▸ **Supplied information**
|---|

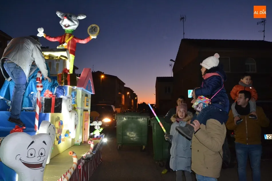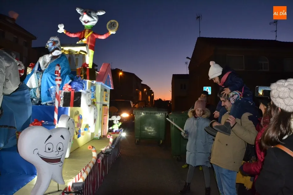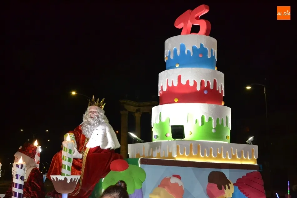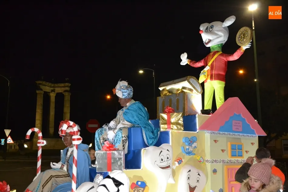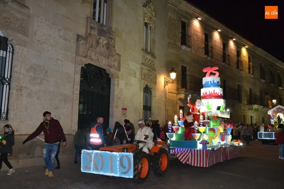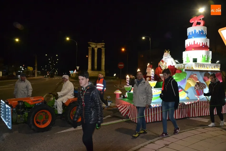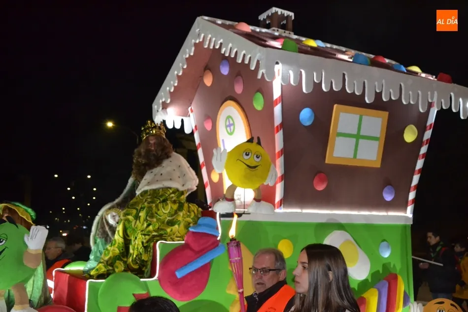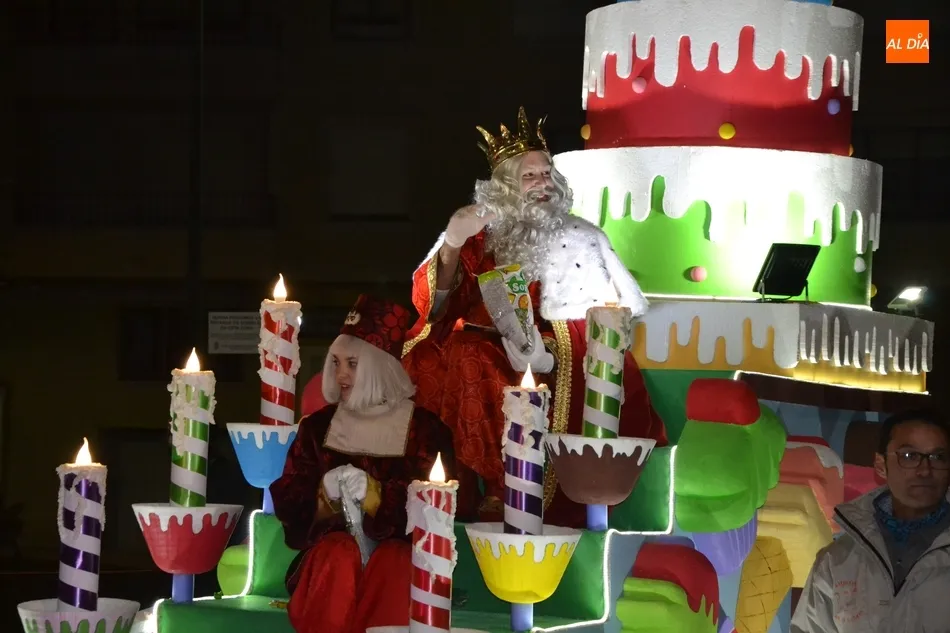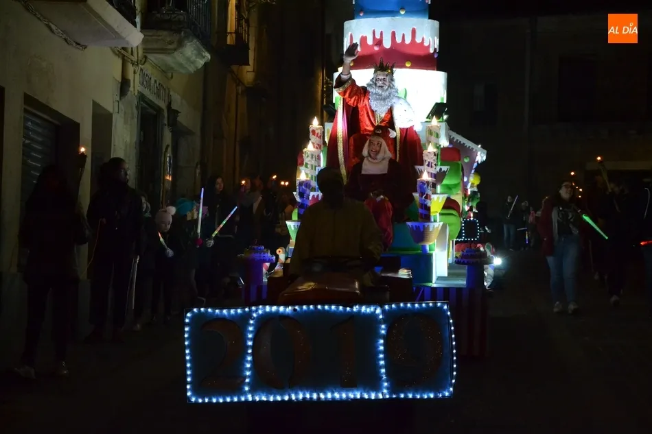 Este año, las carrozas han tenido un toque muy dulce. En el caso de Melchor, su carroza era una gran tarta; en el caso de Gaspar, una casita de chocolate; y en el caso de Baltasar, la casita del Ratoncito Pérez, estando repleta de dientes sonrientes. Las tres carrozas tenían este año un elemento común: una lona en su parte posterior en la que aparecía el logo del 75º Aniversario de la Declaración de Ciudad Rodrigo como Conjunto Histórico-Artístico. Los Reyes Magos se sumaron a este cumpleaños con otro detalle más: un ?75? encima de la tarta de la carroza de Melchor.
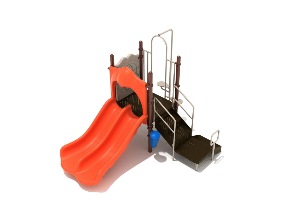 The Arlington Play Structure brings a variety of interactive and climbing features together in a smaller, easy-to-place design that supports active and imaginative play. Children can make their way to the top deck using the Pea Pod Climber, which features wide, stable platforms that allow users to choose their steps as they ascend. From the elevated area, the Double Slide offers two parallel sliding lanes for shared fun and quick descents back to the ground. At the base of the structure, the Single Drum introduces hands-on musical play, while the Maze Panel provides an engaging activity that encourages exploration and interactive movement. Compact yet full of play value, this structure stands out for its blend of a stable Pea Pod Climber, dual slide design, and creative activity panels in a space-efficient layout.
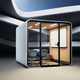 Framery Six es una sala de reuniones inteligente e insonorizada, diseñada para alojar hasta seis personas y crear un espacio ideal para sesiones de colaboración en equipo, ya sean presenciales o virtuales. Con aislamiento acústico de Clase A, Framery Six garantiza que las conversaciones permanezcan privadas, convirtiéndose en una opción ideal para oficinas abiertas que necesitan espacios de reunión confidenciales. La ventilación adaptativa refresca el aire cada minuto, mientras que la iluminación automática proporciona el ambiente óptimo para trabajo concentrado o videollamadas.
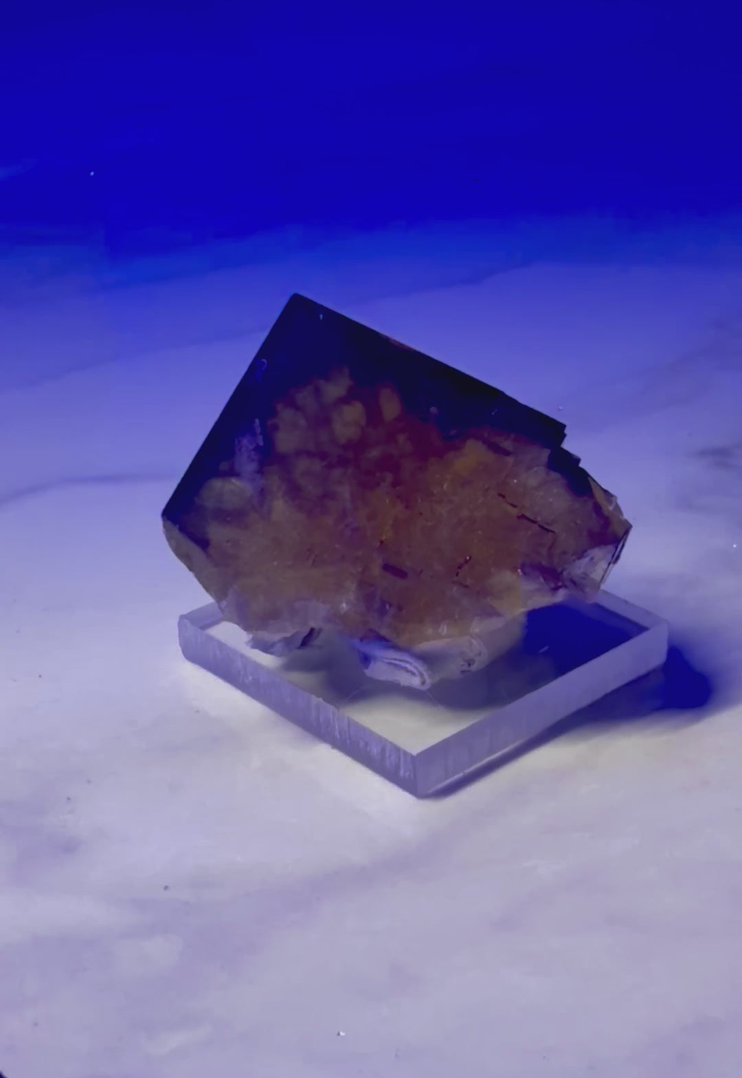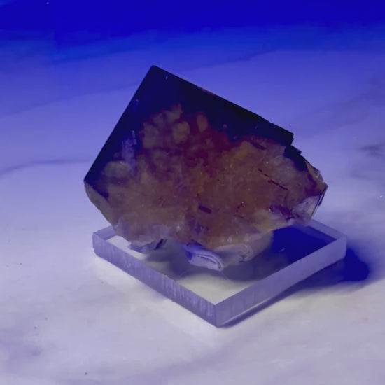 This exceptional fluorite from the Minerva No. 1 Mine in southern Illinois exhibits the unmistakable golden-to-violet blue zoning and clarity that made this locality world-famous. Sharp cubic faces reveal a luminous amber core capped by rich blue-violet edges, with delicate internal wisps and speckles of bitumen inclusions visible just under the surface of the crystal, distinctly glowing under UV light. The interplay of color, transparency, and organic inclusions captures the unique hydrocarbon-rich environment that shaped Minerva’s most iconic specimens.

|---|

▸ **Exercise aim**
Reproduce verbatim the lines of the material above, beginning with its first line and ending with the line that contains "Framery Six es"; skip pictures.

▸ **Solution to this problem**
 Este año, las carrozas han tenido un toque muy dulce. En el caso de Melchor, su carroza era una gran tarta; en el caso de Gaspar, una casita de chocolate; y en el caso de Baltasar, la casita del Ratoncito Pérez, estando repleta de dientes sonrientes. Las tres carrozas tenían este año un elemento común: una lona en su parte posterior en la que aparecía el logo del 75º Aniversario de la Declaración de Ciudad Rodrigo como Conjunto Histórico-Artístico. Los Reyes Magos se sumaron a este cumpleaños con otro detalle más: un ?75? encima de la tarta de la carroza de Melchor.
 The Arlington Play Structure brings a variety of interactive and climbing features together in a smaller, easy-to-place design that supports active and imaginative play. Children can make their way to the top deck using the Pea Pod Climber, which features wide, stable platforms that allow users to choose their steps as they ascend. From the elevated area, the Double Slide offers two parallel sliding lanes for shared fun and quick descents back to the ground. At the base of the structure, the Single Drum introduces hands-on musical play, while the Maze Panel provides an engaging activity that encourages exploration and interactive movement. Compact yet full of play value, this structure stands out for its blend of a stable Pea Pod Climber, dual slide design, and creative activity panels in a space-efficient layout.
 Framery Six es una sala de reuniones inteligente e insonorizada, diseñada para alojar hasta seis personas y crear un espacio ideal para sesiones de colaboración en equipo, ya sean presenciales o virtuales. Con aislamiento acústico de Clase A, Framery Six garantiza que las conversaciones permanezcan privadas, convirtiéndose en una opción ideal para oficinas abiertas que necesitan espacios de reunión confidenciales. La ventilación adaptativa refresca el aire cada minuto, mientras que la iluminación automática proporciona el ambiente óptimo para trabajo concentrado o videollamadas.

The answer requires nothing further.